Microstructural and magnetic properties of A(x):Zn1-xO (A=Mn, Gd and Mn/Gd) nanocrystals


AKYOL M. , Cetin S. K. , EKİCİBİL A.

PHILOSOPHICAL MAGAZINE, cilt.96, ss.31-44, 2016 (SCI İndekslerine Giren Dergi) identifier identifier

  • Cilt numarası: 96 Konu: 1
  • Basım Tarihi: 2016
  • Doi Numarası: 10.1080/14786435.2015.1120898
  • Dergi Adı: PHILOSOPHICAL MAGAZINE
  • Sayfa Sayıları: ss.31-44

Özet

We report the microstructural and magnetic properties of transition (3d) and rare earth (4f) metal substituted into the A(x):Zn1-xO (A=Mn, Gd and Mn/Gd) nanocrystal samples synthesized by solgel method.

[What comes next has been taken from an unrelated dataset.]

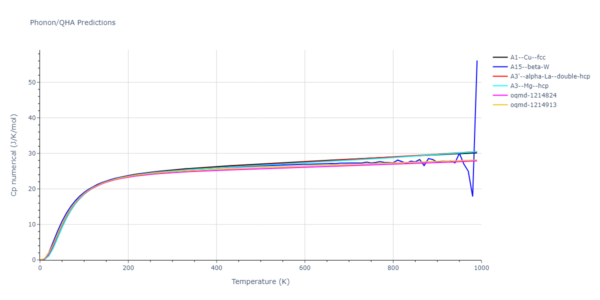 Phonon band structures and crystal properties estimated from quasi-harmonic approximation (QHA) calculations are displayed for select crystals. The calculations were performed using phonopy and LAMMPS. For the phonon calculations, 3x3 supercells of the potential-specific relaxed crystals were used. The QHA calculations were based on 11 strain states ranging from -0.05 to 0.05.

The structural properties and morphology of all samples have been analysed using X-ray diffraction (XRD) method and scanning electron microscopy. The impurity phase in the XRD patterns for all samples is not seen, except (Mn/Gd):ZnO sample where a very weak secondary phase of Gd2O3 is observed. Due to the large mismatch of the ionic radii between Mn2+ and Gd3+ ions, the strain inside the matrix increases, unlike the crystallite size decreases with the substitution of Mn and Gd into ZnO system. A couple of additional vibration modes due to the dopant have been observed in Raman spectrum. The magnetic properties have been studied by vibrating sample magnetometer. The magnetic hysteresis shows that Mn:ZnO and Gd:ZnO have soft ferromagnetic (FM) behaviour, whereas (Mn/Gd):ZnO has strong FM behaviour at room temperature (RT). The enhancement of ferromagnetism (FM) in (Mn/Gd):ZnO sample might be related to short-range FM coupling between Mn2+ and Gd3+ ions via defects potential and/or strain-induced FM coupling due to the expansion lattice by doping. The experimental results indicate that RTFM can be achieved by co-substitution of 3d and 4f metals in ZnO which can be used in spintronics applications.